This profile of membership to the Assembly ensured the presence of some sort of educational quality to the legislature, although it was elitist in orientation. With the passage of the Jones Law in 1916 that provided for an elective bicameral legislature, the Philippine Commission, which had played the role of the Upper Legislative chamber since the elections in 1907, gave way to the Senate in 1916 as the Philippine Legislature came into existence. Thus, Quezon, who was the majority floor leader of the Assembly and then resident commissioner of the Philippines, was elected Senate President and was suddenly in a position to challenge Speaker Osmeña for the enviable though informally known title of top political honcho of the country. But prior to the 1922 elections, the Nacionalista Party had split into the Uni-personalistas of Osmeña and the Collectivistas led by Quezon, as both ran for the Senate. But in the ensuing struggle for the Senate presidency, Quezon won. There was then a contest between Roxas and Recto for the vacant position of Speaker of the House. Osmeña was asked by the Partido Democrata to support Recto for the speakership in exchange for the party’s support of Osmeña for the Senate presidency.  Osmeña refused, but instead supported Manuel Roxas who was Quezon’s candidate for speaker of the House. In return for this Osmeña move, he was elected Senate President Pro-tempore. Thus, were the political roles of Quezon and Osmeña reversed, with the former now being recognized as the nation’s top politician.4

Education under the Americans

Judging from the tenor of the reports of the American educational officials about the prevailing situation with regard to education in the country, it can be deduced that unlike the dissimulation engaged in by political authorities, the actions of the former were straightforward and based on an objective assessment of these conditions.

The 1901 report, for example, underscores the fact that in the Spanish-era schools, “education in Christian doctrine is placed before reading and writing, and, if the natives are to be believed, in many of the more remote districts instruction began and ended with this subject and was imparted in the local native dialect at that”.5

The report further stated:6
           
            Instruction in geography was extremely superficial. As a rule no maps or charts were available, and such information as was imparted orally was left in the memory of the pupil, unaided by any graphic method of presentation.
           
            The only history ever taught was that of Spain, and that under conventional censorship. The history of other nations was a closed volume to the average Filipino. Vocal music was not taught, and the instruction in practical agriculture, where given, was a sorry farce.

As a result, the average provinciano, especially if he lived in any of the more remote areas of the archipelago, was reduced to the attainment of basic literacy and little else besides.

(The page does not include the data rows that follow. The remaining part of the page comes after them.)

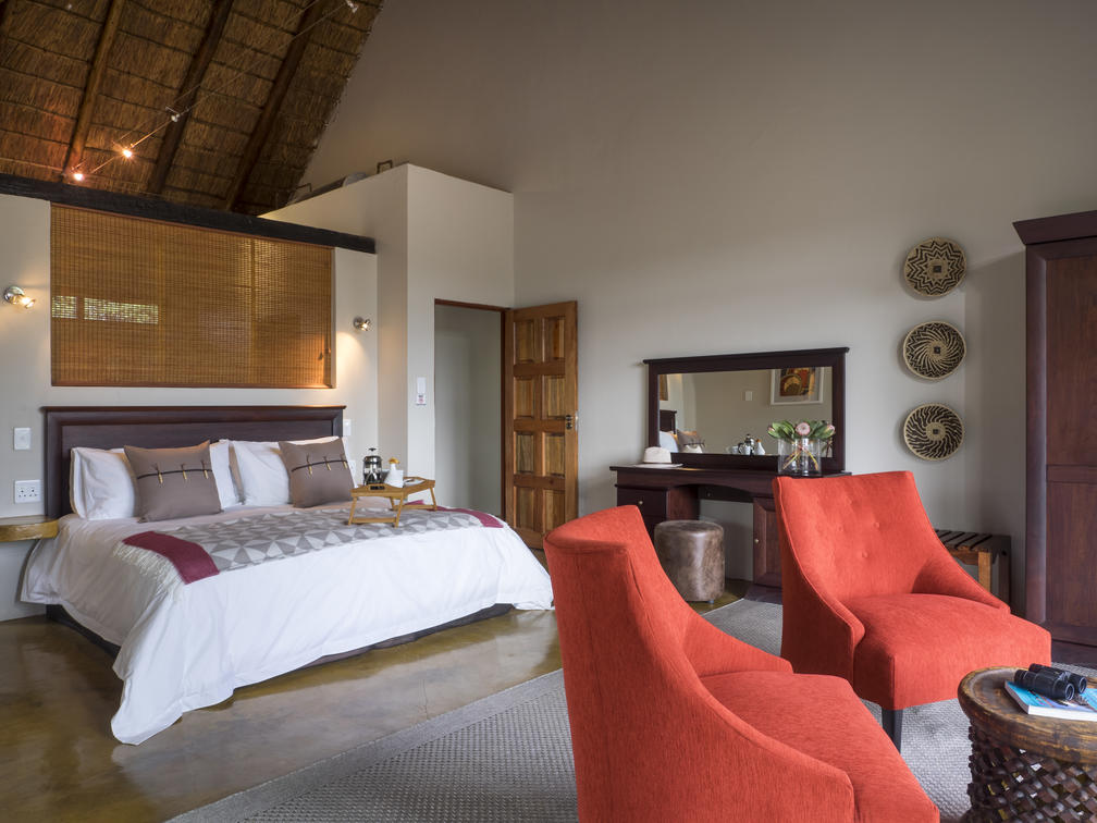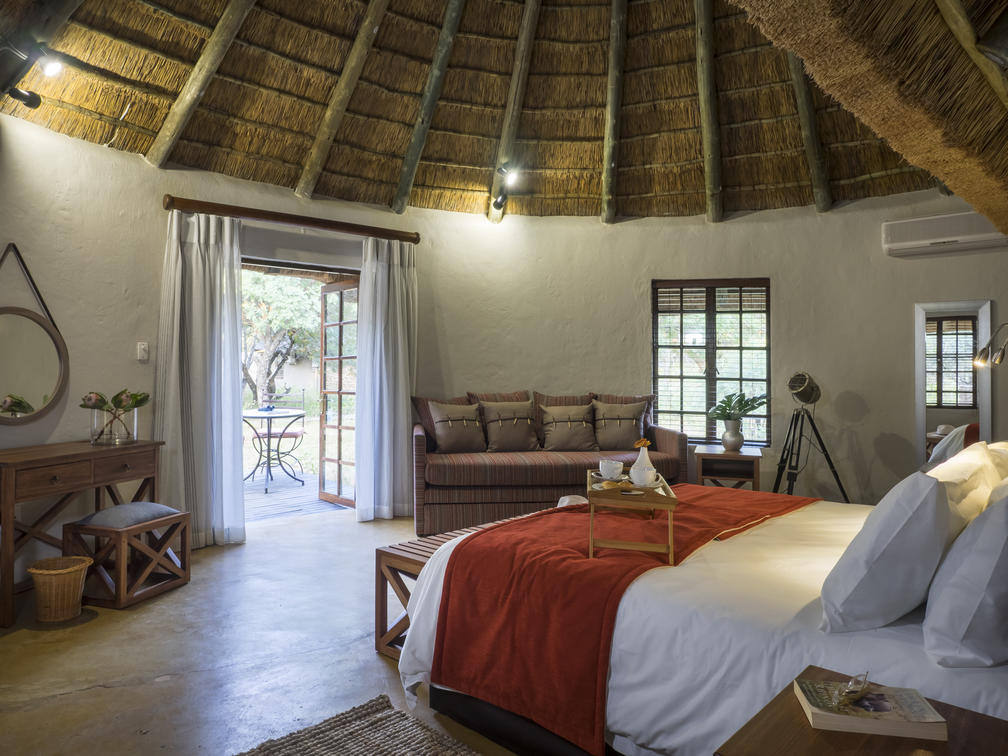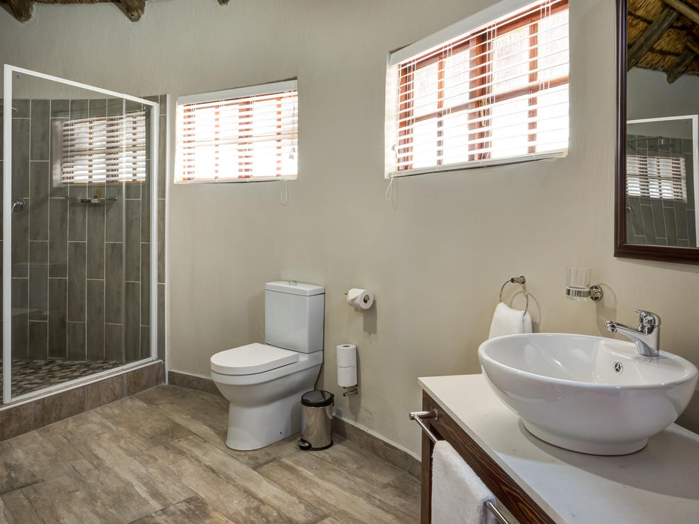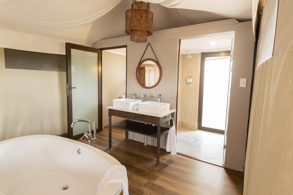 Each bush chalet consists of 2 twin beds that can be combined as a king-size bed and two ensuite bathrooms equipped with a bath and a shower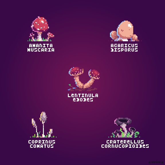 A #set of #fungi for 03/08 #pixel_dailies Finally was able to make some personal art haha @Pixel_Dailies #pixelart #pixelartist #mulfok32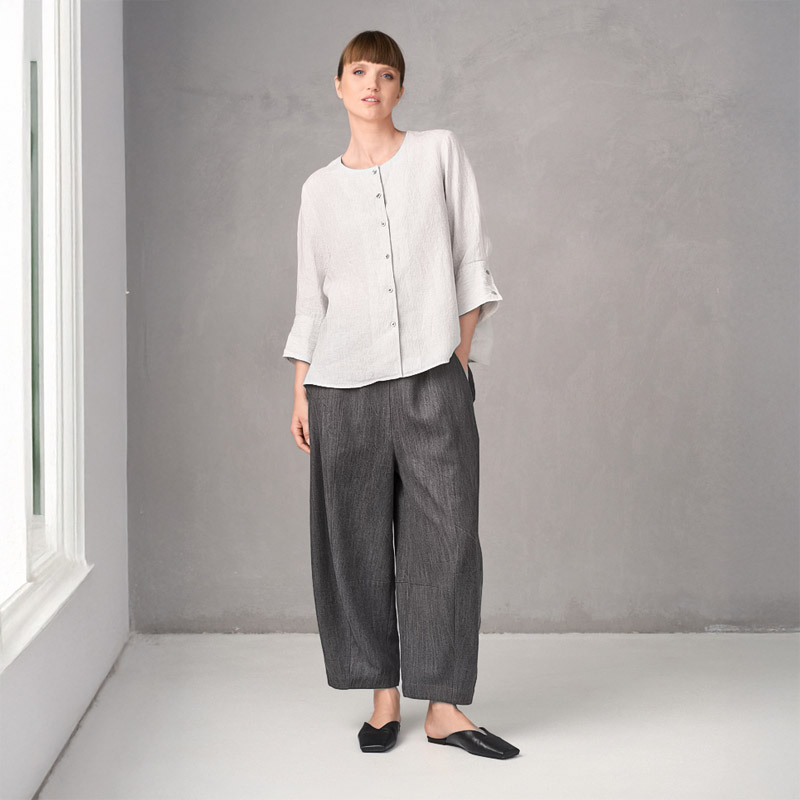 GR Nature epitomises exceptional quality with timeless design. Its beautiful summer linen collection offers an innovative take on the classics. The design is pure and classical, with a high degree of functionality and focus on quality. Shapes are quite neat and are generally most suitable for the trimmer woman.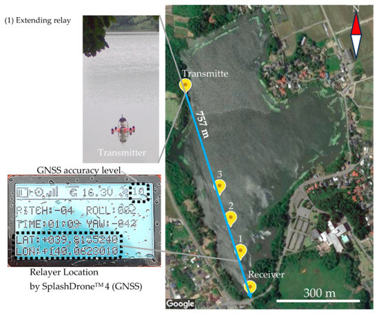 The demonstration experiment was conducted on a large marsh pond with shoreline vegetation (2 m maximum depth, 0.3 km2; Ogata Marsh Pond in Akita Prefectural Koizumigata Park) in Akita, Japan, where most of the water surface is ideally able to be covered using a single amphibious drone (a 500 m radius semicircle). The transmitter drone (SplashDroneTM 3+ system) was placed on the nearshore water with the minimum reinforcing float (Figure 6d); then, the relayer drone (SplashDroneTM 4 system) was brought to the offshore site for data relay to the receiver. The transmitted EC data were zero-filled for the high-concentration range sensor of the SplashDroneTM 3+ system (DFRobotTM EC sensor) because of the low electrical conductivity of the pond water. The receiver was set on a portable tripod (SLIK GX-m 7500; Kenko Tokina Corp., Tokyo, Japan) of 1.8 m height (60% of the Fresnel radius at 2.4 GHz for communication through 300 m of presumed line of sight to a drone). The receiver was located on an elevated (approximately +3.5 m by the Digital Elevation Model 5B (DEM5B), Geospatial Information Authority of Japan) site to increase the allowable distance in wireless communication, but the antenna height of the drone on the water was approximately 0.25 m. The drone and receiver locations were determined using the basic two-ray multipath model applied for earlier studies [19,20,21]. Data relay tests were conducted for (1) extending relay (19 July 2023, cloudy with occasional rain) and (2) bypassing relay for shoreline vegetation (27 September 2022, cloudy with occasional sun). The data relay was attempted for both floating and hovering states (<10 m above the drone controller) of the relayer drone. The use of other wireless communication tools (e.g., smartphone, 5W transceiver) was avoided during the drone flight. A waterproof (IP68) flashlight (Wuben L50; Shenzhen Shengqi Lighting Technology Co., Ltd., Shenzhen, China) was used to confirm the drone direction visually. The interval for water quality measurements was set as 7.0 s for the bypassing relay test, but the interval was extended to 10 s for stable communication in the extending relay test. The exact location of the transmitter in the extending relay test was adjusted by approaching the shoreline vegetation (approximately 2 m adjustment to disable the direct wireless communication).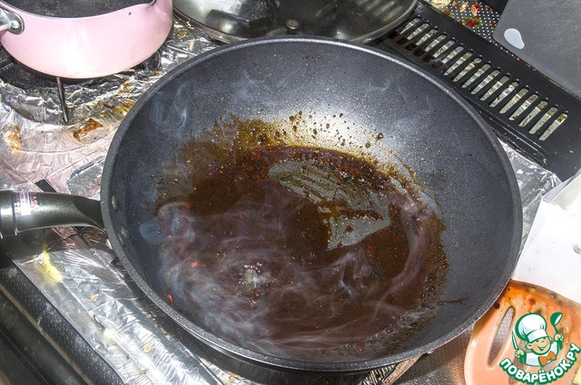 Убираем мясо со сковородки и вываливаем на нее наши соуса. Добавляем немного кипяточку для гомогенности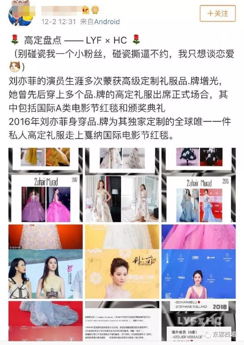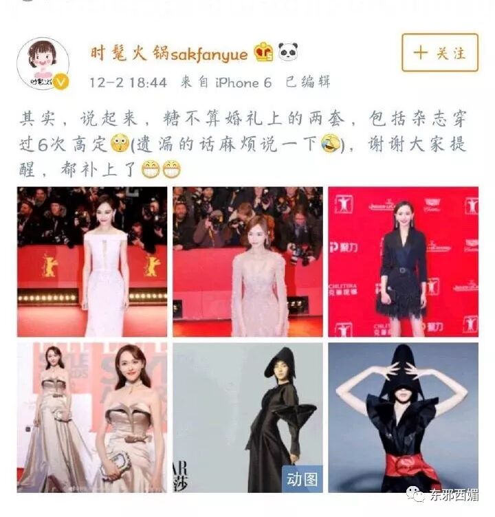 楊冪同場穿的是We Coutour2016秋冬高定。粉絲一看,高定耶,興沖沖到處去吹,結果卻被人科普是「偽高定」。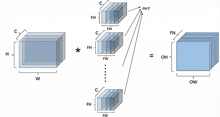 卷积层同样包含偏置项 𝑏。输入特征图与卷积核进行卷积运算后,加上偏置,再通过激活函数,得到最终的输出特征图。

It is to the credit of the American military authorities that in spite of the continuing armed clashes between them and the Pulahanes led by the Tabal brothers in Cebu, they obstinately refused to be diverted from their assigned task of establishing a functioning public school system in the country, including the province of Cebu, where the Pulahanes staged their most sanguinary attacks.

Col. E. J. McClernand, the commanding officer of the Forty-fourth Infantry stationed in Cebu, and the military Chaplain J. H. Sutherland, reported: “In the early stages of the assistance to be given by the general government of the islands it is thought a few prominent towns only should be considered, and the benefits extended as experience is gained, where close supervision can be exercised!”7

Col. McClernand’s report enumerated the towns which he had selected to serve as exemplars to the rest of the municipalities in the province: Bogo, Danao, Cebu (the city), Naga, Carcar, Argao, Dumanjug, and Balamban.

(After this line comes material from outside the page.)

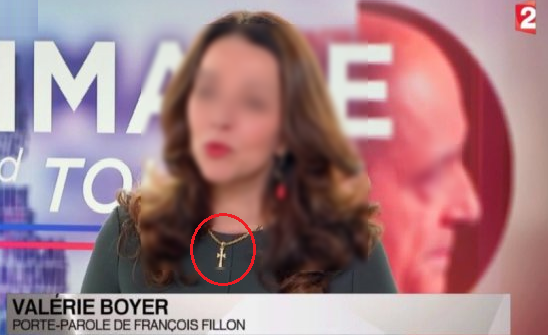 Elle a commenté la victoire de son candidat mais ce n’est pas tant ses propos qui ont suscité l’intérêt des français mais bien sa croix qui crevait l’écran.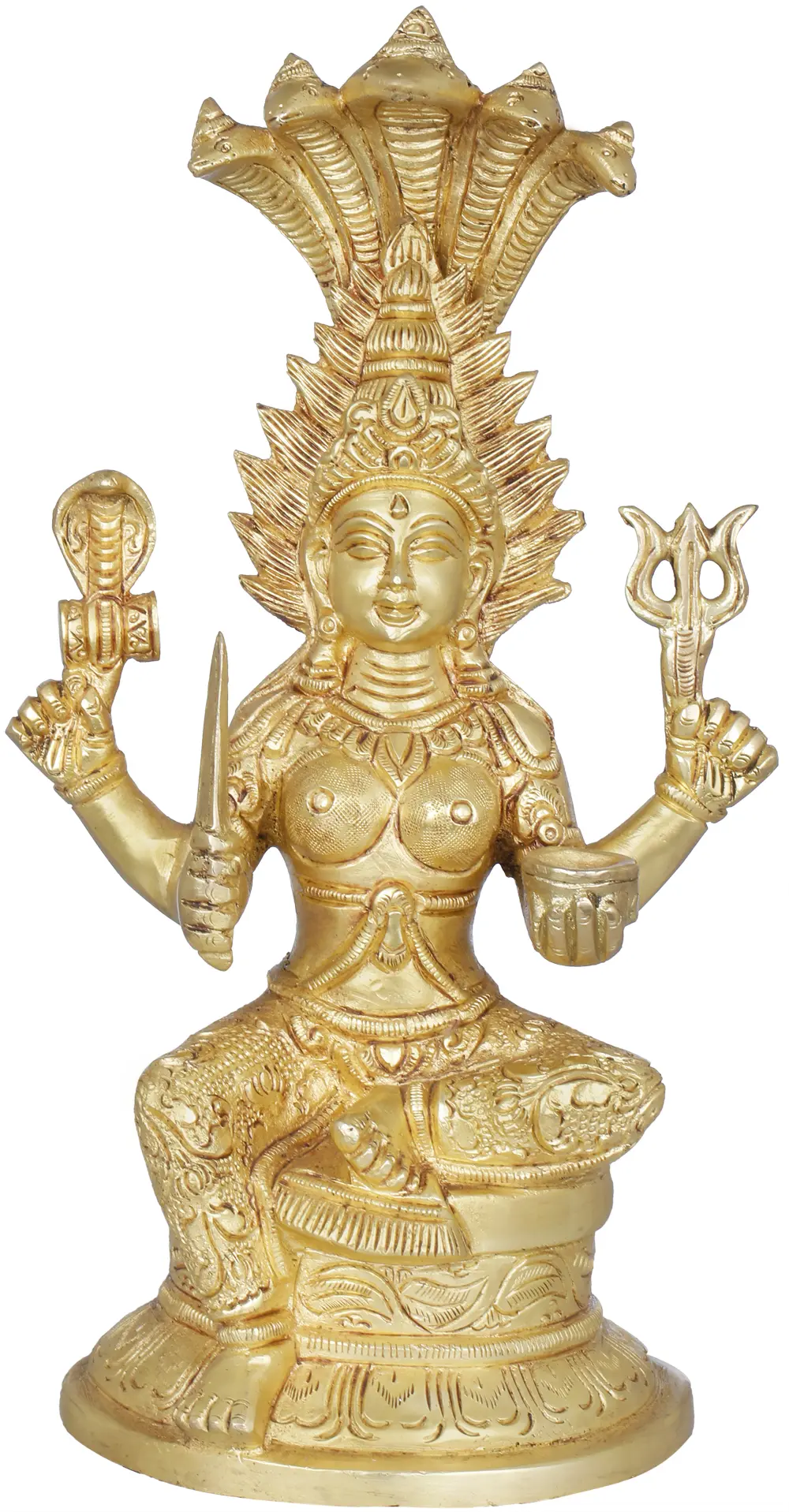 The statue portrays Mariamman with several significant iconographic elements that speak to her multifaceted powers. The prominent hooded serpent hood rising behind her head symbolizes protection, cosmic energy, and immortality. In Hindu lore, serpents are often associated with divine beings and primordial forces. She is depicted seated in a graceful yet powerful posture, radiating an aura of serene authority. Her multiple hands hold various potent symbols: a trident (trishul), representing the three gunas (Sattva, Rajas, Tamas) and her power to destroy evil; a mace, signifying strength and command; a dagger, symbolizing her ability to cut through ignorance and illusion; and a bowl, often interpreted as a vessel for offering or collecting blessings. These attributes underscore her role as a destroyer of malevolent forces and a bestower of boons and protection.

The report further recommended that one English teacher be sent to the aforementioned towns, except Cebu, which needed five.

The same report also suggested that the salaries of both male and female teachers be increased, without regard for gender. Thus, the new salary rates were pegged at 25, 30, and 40 pesos per month, except for those teaching in Cebu and Argao, who were to be given much higher salaries. These were certainly more generous than the Spanish-era 10 to 20 pesos per month as the average for male teachers, and from 2 ½ to 20 pesos per month for female teachers.8

Chaplain Sutherland stressed that “the first thing necessary to wake these schools up is to pay the teachers a salary that emphasizes the importance of their positions.”9

In spite of their precarious position, the military officers in the province did just that; furthermore, instead of the Spanish-era requirement of two schools segregated according to gender in every municipality, the Americans proceeded to establish at least one co-educational school in every barrio of each municipality.

A comprehensive listing of the Filipino and American teachers throughout the country from 1901 to 1906 includes six assigned to Balamban: Jose Alonzo, Carmelino Bahena, Lloyd E. Bement, Francisco Fernandez, Walter H. Lackey, and Jose Rodriguez. Except for Bahena, a grade II teacher, the other Filipino teachers were simply noted as having been assigned at the Balamban Central School. Two Americans, part of the large peaceful army of Thomasites who descended upon the Philippines, were also among the teachers in Balamban. One of them, Walter H. Lackey, handled the aspirante class.10

Aspirantes were young men and women who wanted to become full-fledged teachers. Some of them were already holding jobs such as clerical positions, but wanted to improve their lot, especially with the attractive salaries being given to teachers and the new democratic attitudes displayed by the American mentors. Many of them were already well-educated, and they attended the aspirante class to further learn new ways of teaching elementary school pupils. They also assisted the regular teachers, especially if the classes happened to be large.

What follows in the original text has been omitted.